## Problem description
Omit the pictures, and output the rest of the entries exactly as written.

## Available data
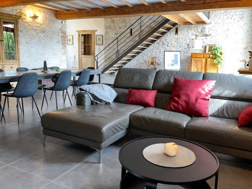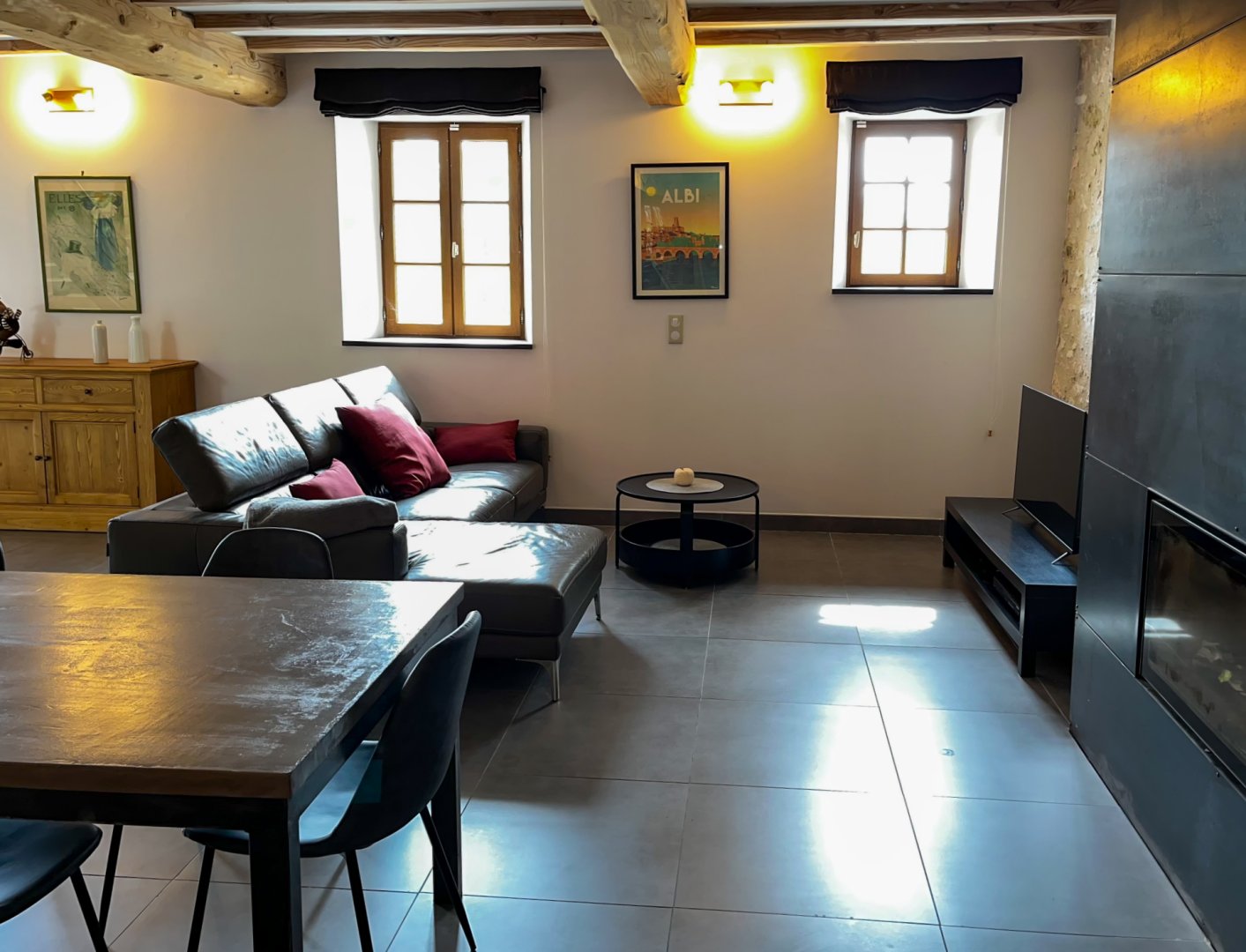 Sa surface de 192 m², ainsi que son décor sur le thème de la peinture et de TOULOUSE LAUTREC, en font un gîte d'exception alliant 3 matériaux : bois, pierre et métal.
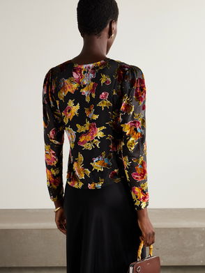 Evelyn Embellished Floral-print Devoré-velvet Wrap Top
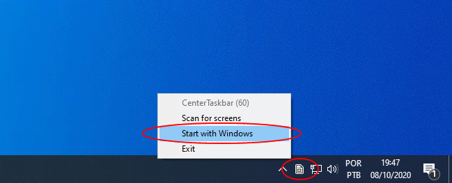 5. Ele também adiciona um ícone na bandeja do sistema. Clique com o botão direito nesse ícone e marque a opção “Start with Windows”, para o CenterTaskbar ser inicializado junto com o Windows.
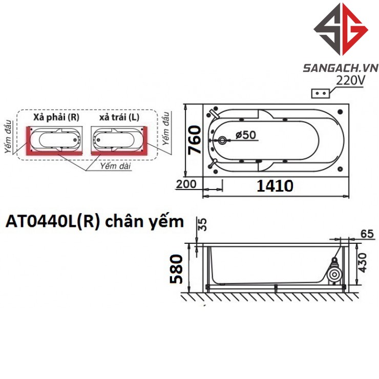 - AT0440R bồn tắm xả phải, yếm trái
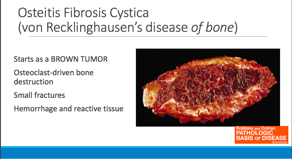 What are the 3 hallmarks of severe hyperparathyroidism and is known as generalized osteitis fibrosa cystica (von Recklinghausen disease of bone)?
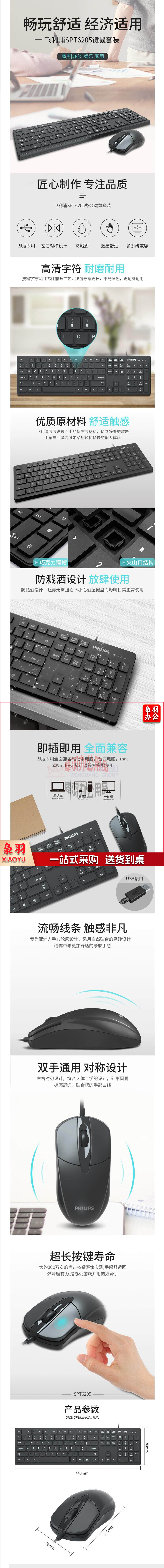 飞利浦/Philips SPT6205 有线键盘/办公键鼠套装 黑色
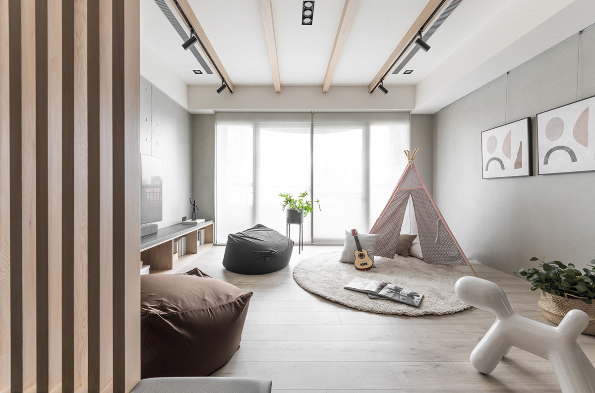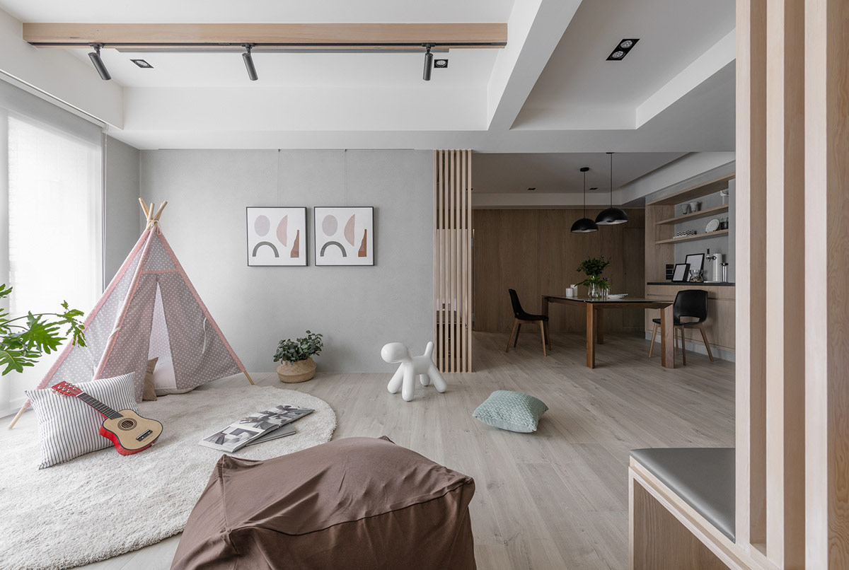 부드러운 톤의 러그는 아이와 어른의 공간을 분리해줍니다.
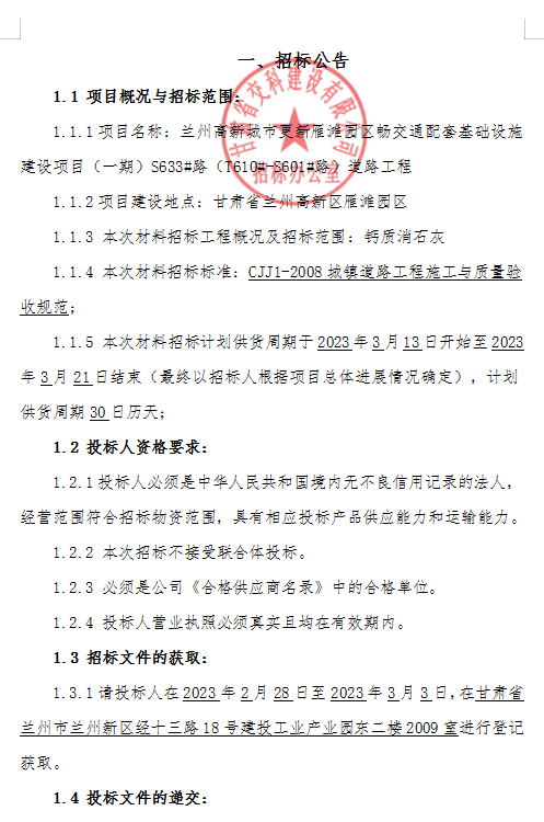 蘭州高新城市更新雁灘園區(qū)暢交通配套基礎設施建設項目(一期)S633#路(T610#-S601#路)道路工程材料招標公告

## Response area
 Sa surface de 192 m², ainsi que son décor sur le thème de la peinture et de TOULOUSE LAUTREC, en font un gîte d'exception alliant 3 matériaux : bois, pierre et métal.
 Evelyn Embellished Floral-print Devoré-velvet Wrap Top
 5. Ele também adiciona um ícone na bandeja do sistema. Clique com o botão direito nesse ícone e marque a opção “Start with Windows”, para o CenterTaskbar ser inicializado junto com o Windows.
 - AT0440R bồn tắm xả phải, yếm trái
 What are the 3 hallmarks of severe hyperparathyroidism and is known as generalized osteitis fibrosa cystica (von Recklinghausen disease of bone)?
 飞利浦/Philips SPT6205 有线键盘/办公键鼠套装 黑色
 부드러운 톤의 러그는 아이와 어른의 공간을 분리해줍니다.
 蘭州高新城市更新雁灘園區(qū)暢交通配套基礎設施建設項目(一期)S633#路(T610#-S601#路)道路工程材料招標公告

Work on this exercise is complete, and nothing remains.